### What is needed
The required output is the line that contains "Super Foot Warmer" and every line after it, each written out exactly, up to the end of the entries.

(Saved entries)

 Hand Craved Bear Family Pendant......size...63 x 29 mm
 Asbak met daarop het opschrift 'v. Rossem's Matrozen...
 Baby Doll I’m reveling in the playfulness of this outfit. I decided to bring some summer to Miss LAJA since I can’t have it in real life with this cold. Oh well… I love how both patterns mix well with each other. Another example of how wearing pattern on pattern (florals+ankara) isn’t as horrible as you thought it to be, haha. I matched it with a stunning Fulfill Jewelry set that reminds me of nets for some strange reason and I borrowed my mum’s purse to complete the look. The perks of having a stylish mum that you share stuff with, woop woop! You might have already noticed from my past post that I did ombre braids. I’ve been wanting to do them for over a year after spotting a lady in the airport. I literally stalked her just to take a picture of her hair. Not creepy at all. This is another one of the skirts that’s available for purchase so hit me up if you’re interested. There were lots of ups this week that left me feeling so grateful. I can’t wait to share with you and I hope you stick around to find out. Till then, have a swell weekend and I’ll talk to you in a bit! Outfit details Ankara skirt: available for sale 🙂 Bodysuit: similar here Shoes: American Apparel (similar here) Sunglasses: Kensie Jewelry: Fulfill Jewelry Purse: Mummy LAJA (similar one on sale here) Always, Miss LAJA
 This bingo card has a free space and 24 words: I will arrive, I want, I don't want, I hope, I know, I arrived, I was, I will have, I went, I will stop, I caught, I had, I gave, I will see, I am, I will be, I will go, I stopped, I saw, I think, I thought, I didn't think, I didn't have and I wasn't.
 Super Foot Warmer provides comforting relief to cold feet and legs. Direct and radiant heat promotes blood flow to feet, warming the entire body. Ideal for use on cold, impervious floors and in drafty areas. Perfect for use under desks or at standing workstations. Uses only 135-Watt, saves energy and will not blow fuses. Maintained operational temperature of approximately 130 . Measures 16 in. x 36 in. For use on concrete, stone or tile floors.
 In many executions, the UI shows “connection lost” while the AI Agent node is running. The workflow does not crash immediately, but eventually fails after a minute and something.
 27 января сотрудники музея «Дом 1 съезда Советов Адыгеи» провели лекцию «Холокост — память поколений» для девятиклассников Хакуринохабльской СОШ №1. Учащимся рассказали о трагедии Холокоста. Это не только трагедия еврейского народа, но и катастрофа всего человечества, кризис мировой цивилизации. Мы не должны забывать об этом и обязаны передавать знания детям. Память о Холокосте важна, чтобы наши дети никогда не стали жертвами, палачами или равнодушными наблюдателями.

### Result for this task
 Super Foot Warmer provides comforting relief to cold feet and legs. Direct and radiant heat promotes blood flow to feet, warming the entire body. Ideal for use on cold, impervious floors and in drafty areas. Perfect for use under desks or at standing workstations. Uses only 135-Watt, saves energy and will not blow fuses. Maintained operational temperature of approximately 130 . Measures 16 in. x 36 in. For use on concrete, stone or tile floors.
 In many executions, the UI shows “connection lost” while the AI Agent node is running. The workflow does not crash immediately, but eventually fails after a minute and something.
 27 января сотрудники музея «Дом 1 съезда Советов Адыгеи» провели лекцию «Холокост — память поколений» для девятиклассников Хакуринохабльской СОШ №1. Учащимся рассказали о трагедии Холокоста. Это не только трагедия еврейского народа, но и катастрофа всего человечества, кризис мировой цивилизации. Мы не должны забывать об этом и обязаны передавать знания детям. Память о Холокосте важна, чтобы наши дети никогда не стали жертвами, палачами или равнодушными наблюдателями.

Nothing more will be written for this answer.